++++ Entries provided

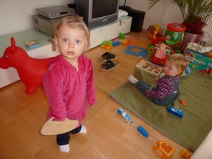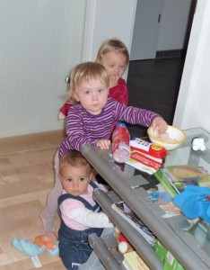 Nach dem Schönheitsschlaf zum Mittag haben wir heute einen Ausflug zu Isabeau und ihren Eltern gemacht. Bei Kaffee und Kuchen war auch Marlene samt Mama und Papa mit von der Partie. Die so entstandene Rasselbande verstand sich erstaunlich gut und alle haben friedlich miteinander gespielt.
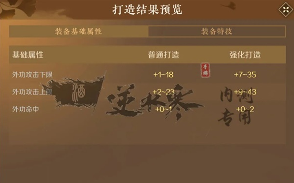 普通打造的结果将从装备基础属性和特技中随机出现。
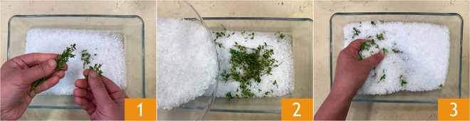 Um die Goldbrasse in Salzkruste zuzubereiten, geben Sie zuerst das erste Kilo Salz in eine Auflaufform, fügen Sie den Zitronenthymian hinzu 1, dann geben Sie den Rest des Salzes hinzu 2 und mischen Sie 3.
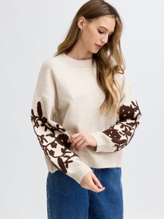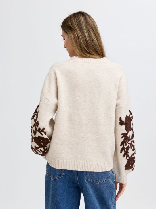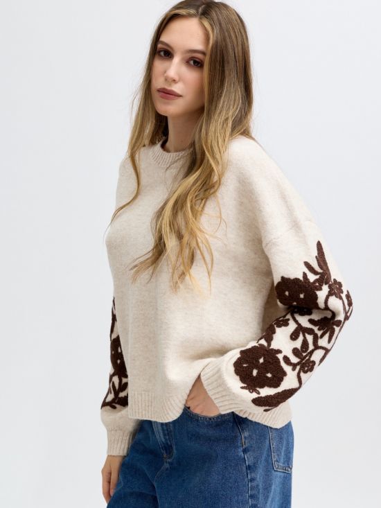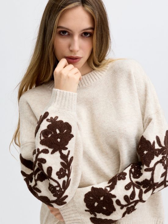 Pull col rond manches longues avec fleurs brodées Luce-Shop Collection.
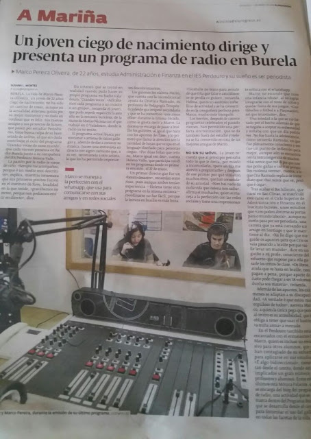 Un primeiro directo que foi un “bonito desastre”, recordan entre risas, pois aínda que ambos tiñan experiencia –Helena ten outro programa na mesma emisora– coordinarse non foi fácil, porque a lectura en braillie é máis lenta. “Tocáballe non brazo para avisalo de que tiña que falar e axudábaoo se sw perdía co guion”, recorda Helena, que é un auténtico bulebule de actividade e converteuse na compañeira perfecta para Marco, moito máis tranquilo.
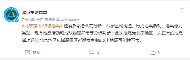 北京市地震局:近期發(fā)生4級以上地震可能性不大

++++++++
++++ Entries provided

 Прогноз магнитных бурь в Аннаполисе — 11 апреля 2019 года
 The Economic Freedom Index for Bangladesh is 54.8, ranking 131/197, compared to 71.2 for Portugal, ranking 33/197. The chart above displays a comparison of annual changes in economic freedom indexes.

++++++++

Assignment> Each line from the one that contains "Um die Goldbrasse" down to the one that contains "北京市地震局:近期發(fā)生4級以上地震可能性不大" is to be returned exactly as it stands above, both ends included, with pictures removed.

Task answer>
 Um die Goldbrasse in Salzkruste zuzubereiten, geben Sie zuerst das erste Kilo Salz in eine Auflaufform, fügen Sie den Zitronenthymian hinzu 1, dann geben Sie den Rest des Salzes hinzu 2 und mischen Sie 3.
 Pull col rond manches longues avec fleurs brodées Luce-Shop Collection.
 Un primeiro directo que foi un “bonito desastre”, recordan entre risas, pois aínda que ambos tiñan experiencia –Helena ten outro programa na mesma emisora– coordinarse non foi fácil, porque a lectura en braillie é máis lenta. “Tocáballe non brazo para avisalo de que tiña que falar e axudábaoo se sw perdía co guion”, recorda Helena, que é un auténtico bulebule de actividade e converteuse na compañeira perfecta para Marco, moito máis tranquilo.
 北京市地震局:近期發(fā)生4級以上地震可能性不大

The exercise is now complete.